In this short video Shane shares his story with us and tells us 'the sun will always shine tomorrow'
My name's Shane and I'm from Leeds, the best city in the world. Unfortunately, I was diagnosed with Adenoid Cystic Carcinoma of the Lacrimal Gland two years ago.
Can you describe your diagnosis and treatment?
It started with headaches, during the summer, a couple of years ago. I was treated for migraines initially, but it turned out to be Adenoid Cystic Carcinoma of the Lacrimal Gland and everything moved really fast after I was diagnosed.
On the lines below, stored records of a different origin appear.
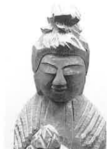
観音菩薩立像(聖観音) (生御自治会蔵)

江戸時代の僧侶、円空は、美濃国に生まれ、日本各地で現存数5000体を超える仏像を造りました。この特別展は円空仏が集中して現存する東海地方に焦点を当て、貴重な円空仏や円空が描いた希少な絵画合わせて約80点の見応えのある展示となります。展示を通して、それぞれの地域で円空がどのような足跡をのこしていったのかを探ります。東海3県の円空仏が一堂に会するまたとない機会です。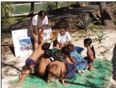
En Moorea, Polinesia francesa

El Día Mundial del Océano permite cada año celebrar el Océano Mundial y la diversidad de sus riquezas; sacar a la luz los programas de sensibilización, de educación y de acciones destinadas a promover un Océano sano y productivo, y de recordar a las naciones, a los gobiernos, a las empresas y a los individuos cuáles son sus responsabilidades para proteger el Océano Mundial y preservar sus recursos para las generaciones presentes y las que vendrán.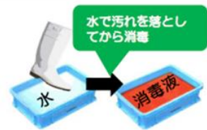
農場(畜舎)に出入りする際には、消毒を実施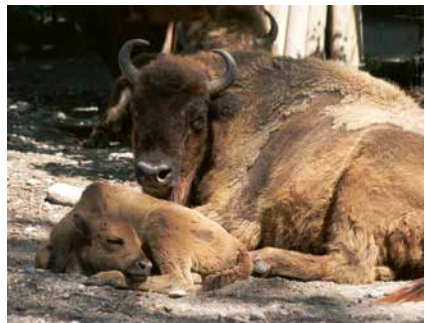
Wisentkuh Luba mit Baika.

hatte, welcher behandelt werden musste. Da es schon warm war und die Fliegenplage bereits begonnen hatte, entschlossen wir uns, den Abszess zu eröffnen, auszukratzen, zu spülen und die Haut wieder zu verschliessen. Eine grossflächige Entfernung der veränderten Haut hätte unweigerlich zur Ablage von Fliegenmaden geführt, was fatale Folgen gehabt hätte. Neben der Behandlung der Eiteransammlung konnte auch Blut entnommen und untersucht werden. Die Resultate der Blutuntersuchung waren zufriedenstellend und gaben wichtige Hinweise für eine mögliche Optimierung der Haltung und Fütterung. Während der Narikose konnte ebenfalls eine Ultraschalluntersuchung durchgeführt werden, welche zeigte, dass Luba trächtig war. Ende Juni war es dann soweit und das weibliche Wisentkalb Baika entwickelt sich seit seiner Geburt prächtig. Die Wisentkuh Luba kümmert sich fürsorglich um ihr Kalb und auch die Herde akzeptiert den Nachwuchs einwandfrei.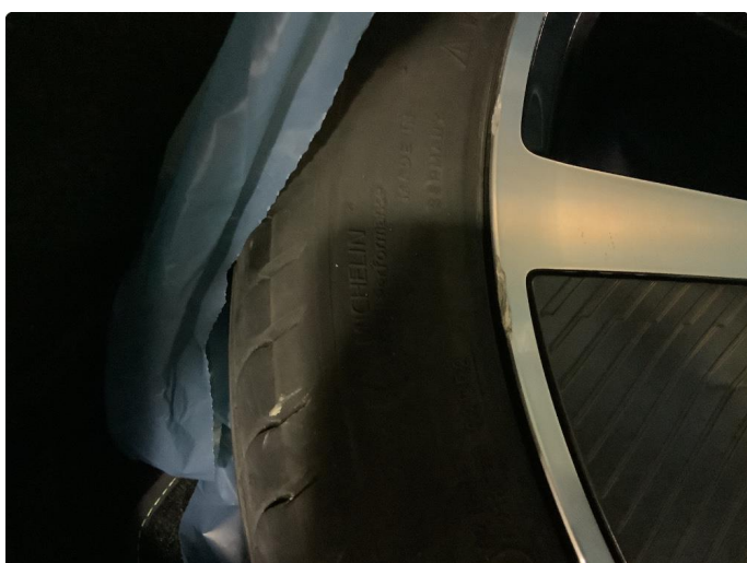
1.2 To sommer felger har mindre kant kjøring skade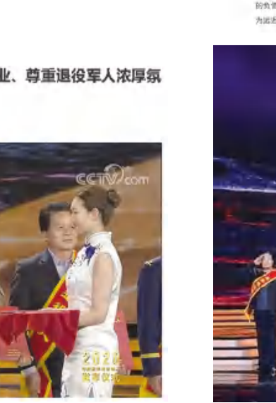
▲颁奖典礼为第二组2020年度“最美退役军人”颁奖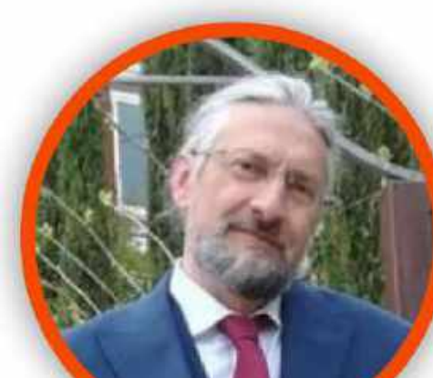
MASSIMO TAVOLA SECONDARIA DI PRIMO GRADO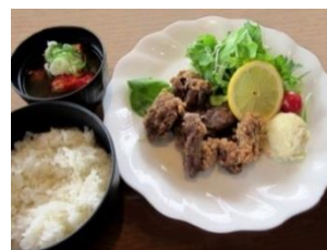
シカ竜田揚げ定食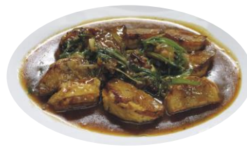
Berenjenas Guisadas rellenas de pescado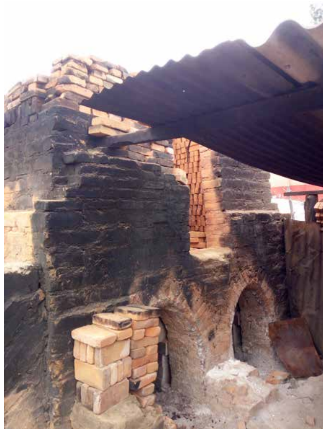
Figura 5. Horno de la ladrillera de Cipriano Oj.

Una vez moldeadas las piezas, éstas se dejan secar, blanquear. El tiempo de secado depende de la estación. En época de lluvia, el proceso resulta más lento. Parte de las piezas se secan a cubierto en la galera, mientras otras quedan a la intemperie para aprovechar los momentos de sol, siendo cubiertas cuando llega la lluvia. Cuando el material ya está seco, entonces se amontona todo en la galera para proceder a cargar el horno.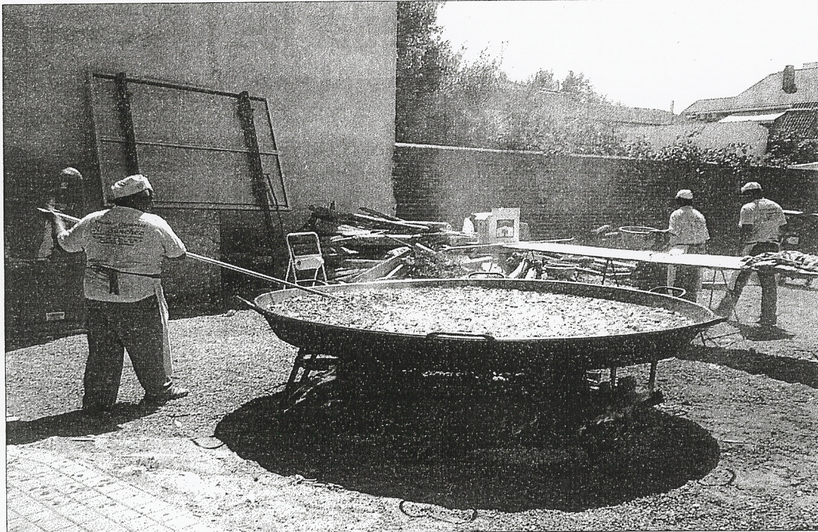
Una paella gigante para invitar a los vecinos.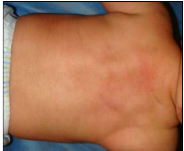
FIGURA 3. Evolución de las lesiones clínicas a las 6 semanas de vida.

En los exámenes paraclínicos se encontró trombocitopenia (plaquetas entre 33.000 y 150.000/mm 3 ) y anemia persistentes (hemoglobina mínima de 6,8 g/dl); además, hipercalcemia leve con calcio sérico de 10,8 (valores de referencia, 8,5 a 10 mg/dl); VIH, negativo; VDRL materno, negativo; IgM para toxoplasma e IgM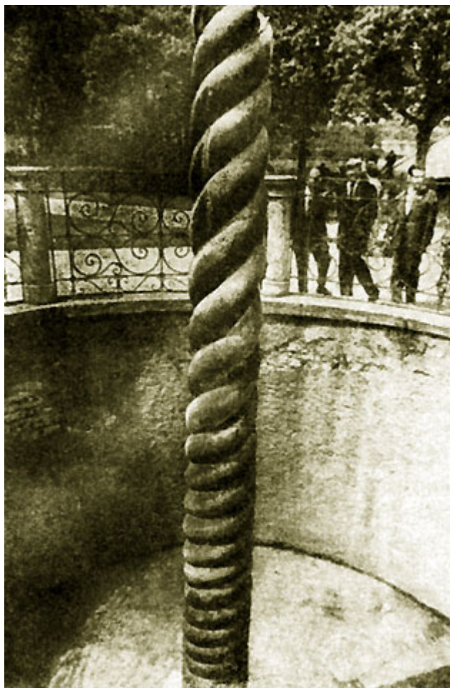
Дельфийская колонна(V в. до н. э.), установленная на ипподроме в X в. Стамбул. Фото 1961 г.

расходившиеся отсюда группами по домам знати для увеселения ее на ночных пирушках.

Terrifying, is probably the best way I can put it, right at the beginning. But now, if I could look back and talk to myself when I was first diagnosed, I'd say, deep breaths, relax, nothing's going to happen overnight. You've got a lot more time to process stuff. I'm a worrier and I think about things all the time anyway. I was researching everything, looking online, reading outdated information and scared myself to death. So I think, yeah, I wish I could go back in time because I wasted the last two years worrying far too much.
Luckily I had a good team. My GP said to me I would have a scan 'just to be safe', and if you don't hear anything in two days there's nothing to worry about, and then two days later, sorry, the following morning, the doctor rang me. So I kind of knew something was going on. And then he says, there's a mass behind your eye. Could be anything. Sent me for tests. I had a surgical biopsy where they broke the temple and took a bit of the tumour. Luckily the pathologist diagnosed it straight away. They removed my eye, did a loads of amazing stuff and gave me radiotherapy. So after that, it was sore for a little bit, but since then, everything's gone well.
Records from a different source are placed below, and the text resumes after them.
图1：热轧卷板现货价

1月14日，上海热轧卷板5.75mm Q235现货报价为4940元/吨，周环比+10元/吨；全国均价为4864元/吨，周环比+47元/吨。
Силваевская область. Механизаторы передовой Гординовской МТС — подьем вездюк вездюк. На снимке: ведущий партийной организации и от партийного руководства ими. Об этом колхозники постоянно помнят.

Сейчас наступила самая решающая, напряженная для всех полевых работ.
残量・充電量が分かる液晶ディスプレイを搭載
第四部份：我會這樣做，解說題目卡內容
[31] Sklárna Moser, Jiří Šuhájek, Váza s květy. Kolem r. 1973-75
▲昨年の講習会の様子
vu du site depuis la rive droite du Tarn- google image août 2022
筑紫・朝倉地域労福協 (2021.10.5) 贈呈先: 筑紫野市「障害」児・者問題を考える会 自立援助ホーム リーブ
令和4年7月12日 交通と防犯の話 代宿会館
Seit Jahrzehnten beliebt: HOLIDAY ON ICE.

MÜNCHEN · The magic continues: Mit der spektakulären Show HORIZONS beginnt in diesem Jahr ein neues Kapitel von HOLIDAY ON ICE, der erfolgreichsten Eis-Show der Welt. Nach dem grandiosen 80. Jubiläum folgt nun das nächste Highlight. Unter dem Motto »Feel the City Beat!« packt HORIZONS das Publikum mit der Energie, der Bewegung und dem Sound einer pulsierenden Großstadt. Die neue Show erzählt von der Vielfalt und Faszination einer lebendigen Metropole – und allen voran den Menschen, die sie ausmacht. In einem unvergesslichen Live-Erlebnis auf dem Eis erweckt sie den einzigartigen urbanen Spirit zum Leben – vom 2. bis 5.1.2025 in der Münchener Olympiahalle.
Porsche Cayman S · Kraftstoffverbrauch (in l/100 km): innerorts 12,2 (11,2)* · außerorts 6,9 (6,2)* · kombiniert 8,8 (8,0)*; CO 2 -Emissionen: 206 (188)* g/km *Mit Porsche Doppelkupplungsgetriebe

How has life been since your treatment?
I'm two years out of treatment, they removed my eye, I had radiotherapy. I had gold standard of treatment as far as what you'd expect. When they did the pathology report from the biopsy, I was lucky to be diagnosed correctly the first time, which is often not the case for a lot of people with ACC who are misdiagnosed, which causes a lot of different issues. So I consider myself lucky that I'm in the position that I am in today. I don't know if I've got anything inside me right now because I have been checked for 12 months, but I'm going to hopefully be getting that done before Christmas and then. I just live one year at a time, the way you should do anyway, not stressed about stuff too much.
How have you coped with the changes in vision since your treatment?
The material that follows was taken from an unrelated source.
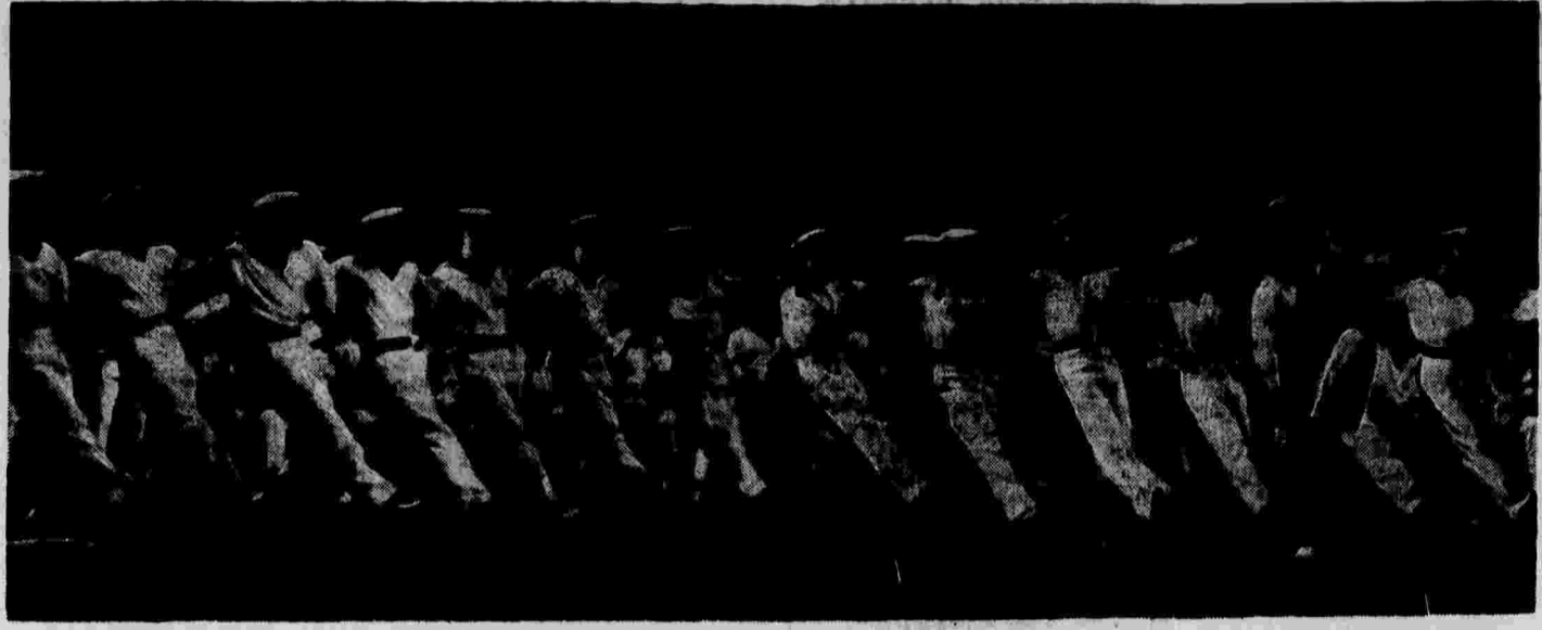
Выступление ансамбля песни и пляски Краснознаменного Балтийского флота на концерте, посвященном 20-летию Рабоче-Крестьянской Красной Армии и Военно-Морского флота, в Большом театре СССР.

24 февраля на железных дорогах Союза погрузлено 78 000 вагонов — 92,3 проц. плана, выгружено 78 184 вагонов — 92,6 проц. плана.

One of the main reasons that I'd like to be used as an example on the videos to the new patients if they come to Salivary Gland cancer UK. Is the anybody who's looking at vision loss as part of the treatment of it, like my eye, it's by no way, shape or form as bad as you think it would be. Your brain adjust to the loss of one eye. You don't see a dark patch. All your vision comes through one eye and your brain compensates for the fact that your scope of vision. So I when people talk about peripheral vision, peripheral on my right, and I can even see my hand on my right hand side and I feel it's amazing, the way the way the brain adjust to it's fantastic. I do building work and have had no complaints, and so I think, yeah, it's comforting to know that it's not as life changing as you think.
How has being part of Salivary Gland Cancer UK helped you?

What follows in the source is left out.